Diversification away from euro-based assets is a very timely hedge
Published 12/08/2010 | 05:00
FEELING a little depressed about your share portfolio? Need cheering up?
Here's a thought: the euros in your pocket have rallied more than 7pc against a basket of currencies since June when the single currency hit a four-year low as doom mongers (including Sharescope) worried about the euro's disintegration.
In retrospect, the European Union-led €750bn regional aid package acted as some kind of floor for the currency and marked the beginning of a new period of optimism which has been copper-fastened by the unexpected strength of the German economy.

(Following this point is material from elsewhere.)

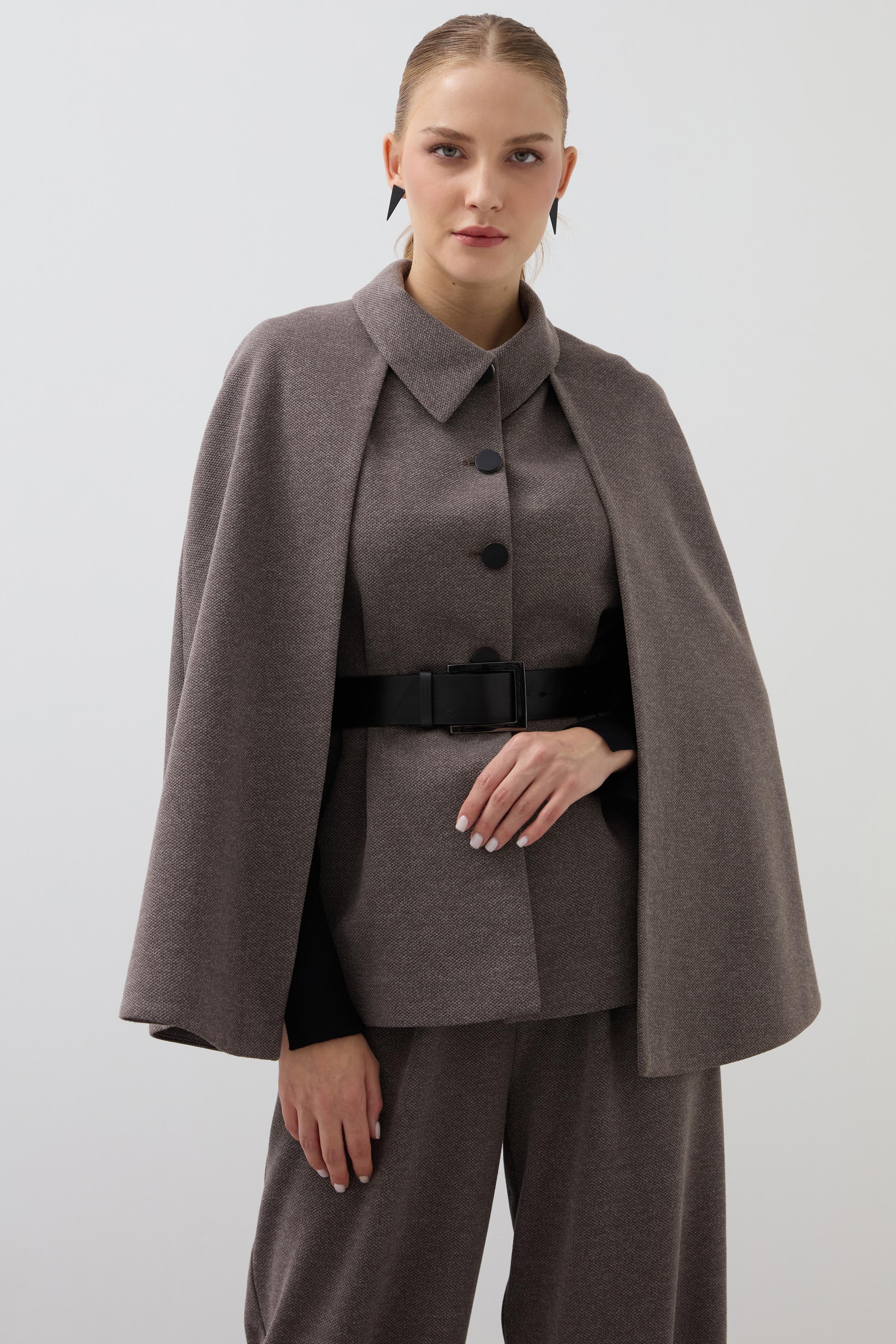 Cape and Vest 2-Piece Suit - Mink

Still, it is a sign of just how bad things are that the markets welcome the IMF-funded bailout of the people who brought us Aristotle, Plato and Alexander the Great.
The important question is whether this bounce is desirable and whether it will last.
The answer is probably 'no' in both cases.
The German economy's rebound is export-led and those sales have benefited from the weak euro, just as our own economy is beginning to show new signs of life as exports to the UK begin to pick up following months of currency weakness.
With both the private sector and the public sector reluctant to take further wage cuts or work much harder, the only way we can continue to improve our competitiveness is by devaluing our currency.
The recent gains for the euro are not good news for Europe's exporters and it is difficult to see policy makers welcoming further gains.
Luckily, perhaps, those gains are unlikely to last long. It is impossible to predict what the trigger for a new crisis will be.
Currency movements are too opaque and too mysterious, but there are so many potential triggers that it is inevitable that something will pop out of the blue and knock the euro back, just as the Greek crisis did.
Let's take Ireland -- the euro-zone country after Greece which is currently being forced to pay the most to borrow money because the markets have little faith in our ability to repay.
What will happen to Ireland if the European Commission rules next month that the fantastical plan to allow Anglo Irish to somehow morph into a business lender is just that: fantastical?
We have been told endlessly that the forced closure of Anglo would cost tens of billions of euros. This would cause havoc for Ireland which would have to borrow vast amounts of money immediately.
The decision now rests with a few European civil servants, who have been asked to consider whether Anglo has a chance of becoming a viable bank rather than worry about Ireland's borrowing requirements.
Nobody knows what the officials will decide but it is quite obvious that any decision to close down Anglo would pose a threat to Ireland's economic independence and, therefore, to the euro itself.
A decision to close down Anglo would be like flicking on a light in a dark cave to reveal predators lurking around every corner.
It would highlight the Government's inability to honour the bank guarantee if a lender really did go under; the funds that are still needed to save the other banks when they fail to sell off units or merge; the failure to cut spending rather than talking about it; the unsustainable cost of borrowing on the bond markets; and a falling property market vulnerable to any interest rate rise.
It is all too easy to see how a decision on Anglo could trigger a major crisis. It may well not happen, but there are similar skeletons in cupboards right across the eurozone.
Some day soon, somewhere in Europe, one or two of those cupboards will be opened and the bones will come crashing to the floor.
Don't be fooled by the euro's recent gains. They cannot last. Even if they are not temporary, the risk is simply too great to hold all your assets in euros.
It is bad enough that most people's biggest asset is a house which is losing value by the day and which must be paid for in a currency that many of the world's biggest investors believe to be doomed.
While the break-up of the eurozone still seems far-fetched, anybody who wants to protect their savings would do well to assume it will happen.
What, after all, do you have to lose by diversifying beyond the eurozone?